◆ **Exercise aim**:
Please reproduce the listing word for word. Pictures stay out.

◆ **Data section**:
....
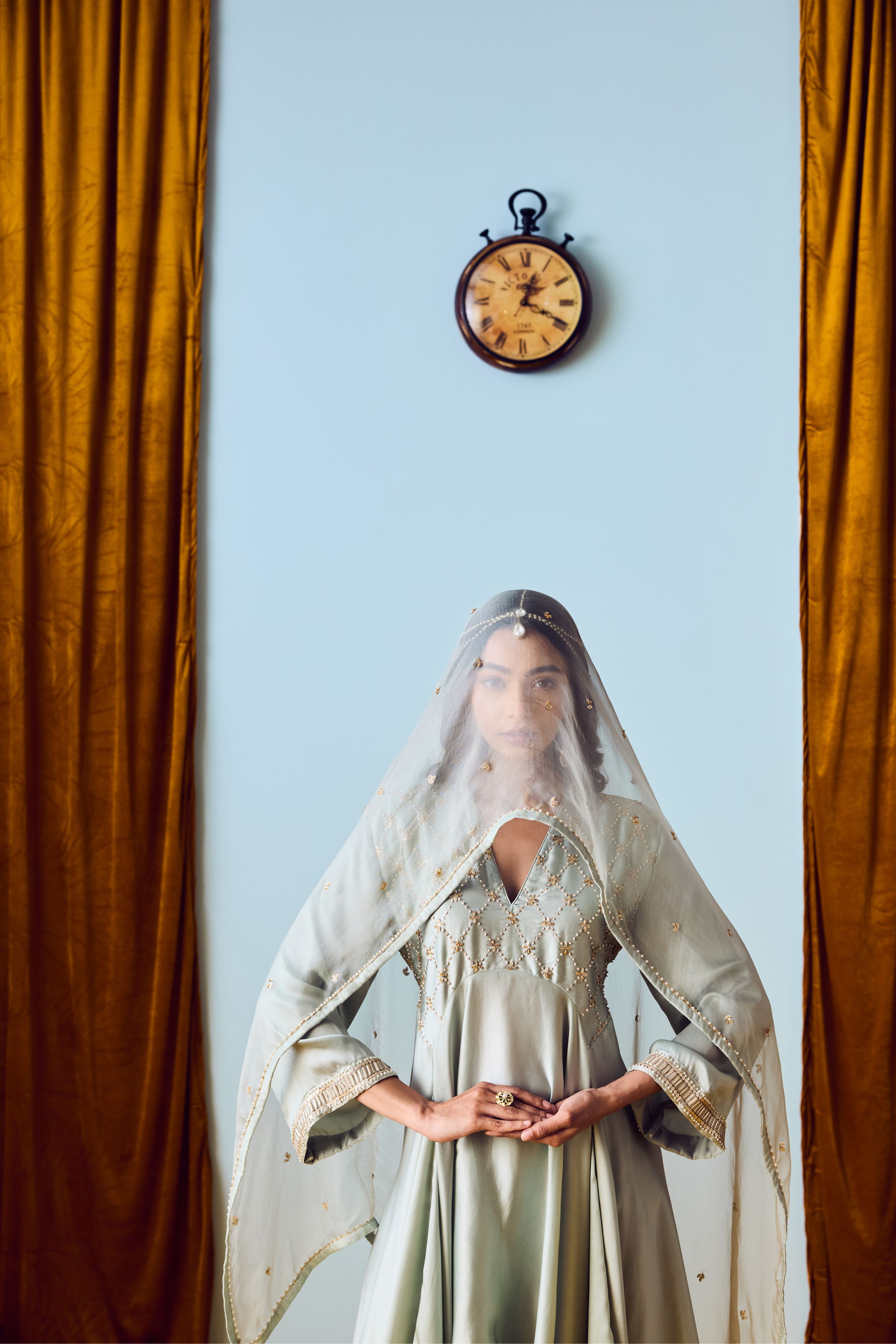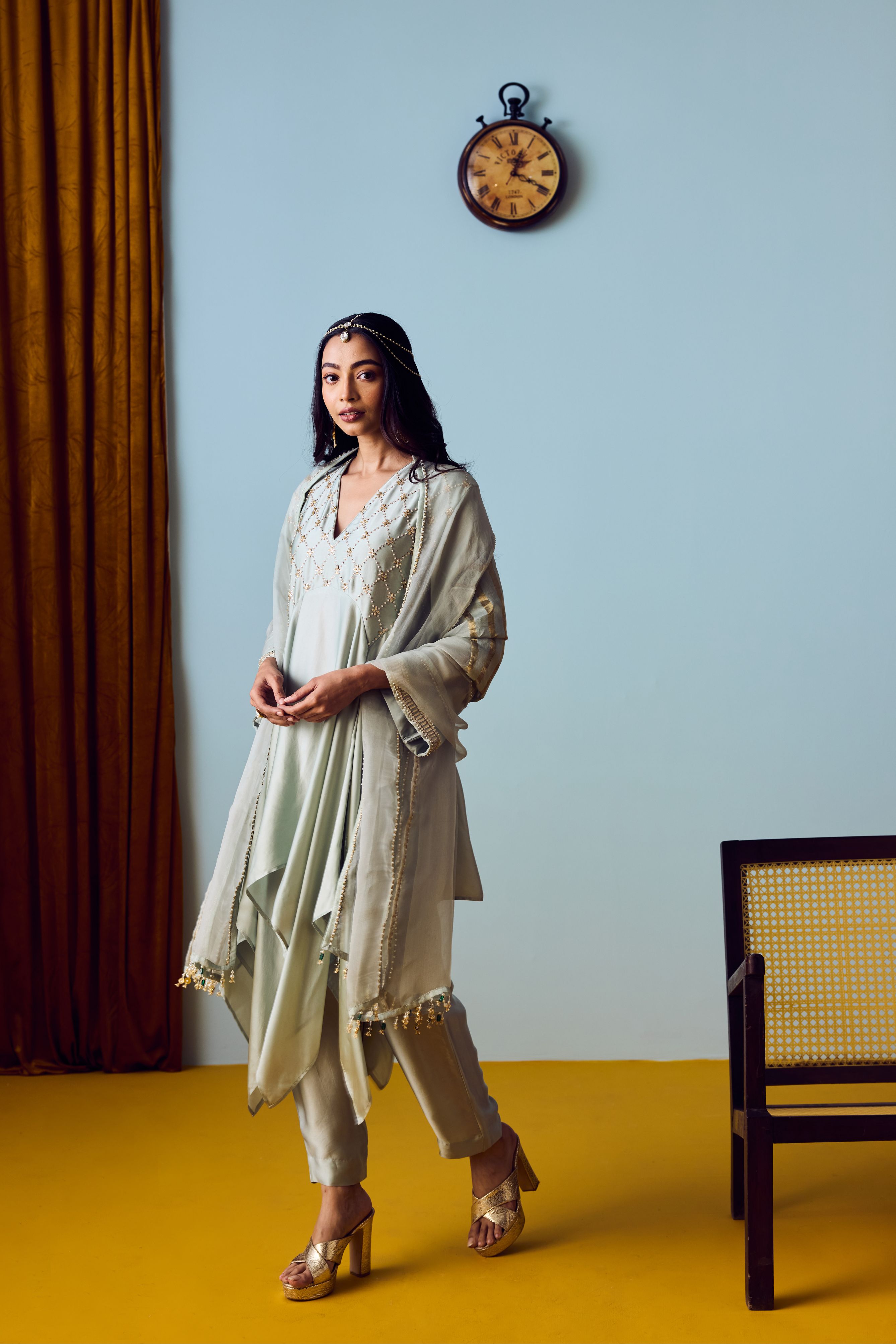 Sureen Festive Asymmetric Sage Green Kurta Set with Dupatta
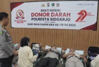 SIDOARJO inforakyat24jam com Dalam rangkaian kegiatan peringatan Hari Bhayangkara ke-79, Polresta Sidoarjo Polda Jatim mengadakan bakti sosial donor darah. Kegiatan donor darah dibuka…
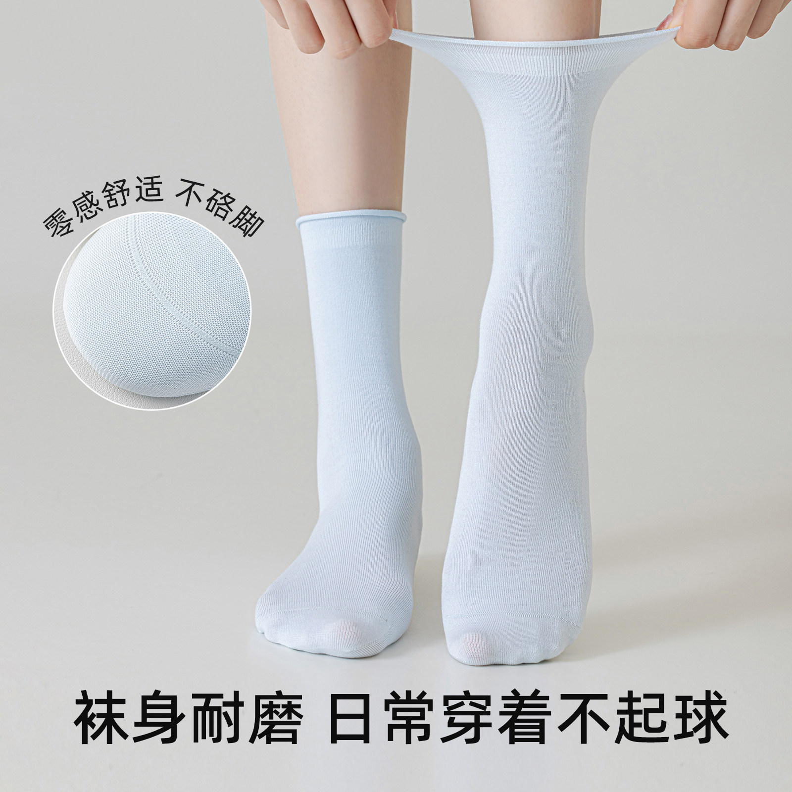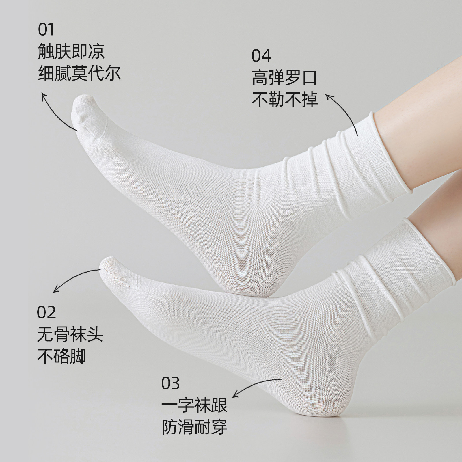 莫代尔冰冰袜子女夏季薄款堆堆袜配小皮鞋夏天紫色中筒月子袜防滑
....
◆ **Reply**:
 Sureen Festive Asymmetric Sage Green Kurta Set with Dupatta
 SIDOARJO inforakyat24jam com Dalam rangkaian kegiatan peringatan Hari Bhayangkara ke-79, Polresta Sidoarjo Polda Jatim mengadakan bakti sosial donor darah. Kegiatan donor darah dibuka…
 莫代尔冰冰袜子女夏季薄款堆堆袜配小皮鞋夏天紫色中筒月子袜防滑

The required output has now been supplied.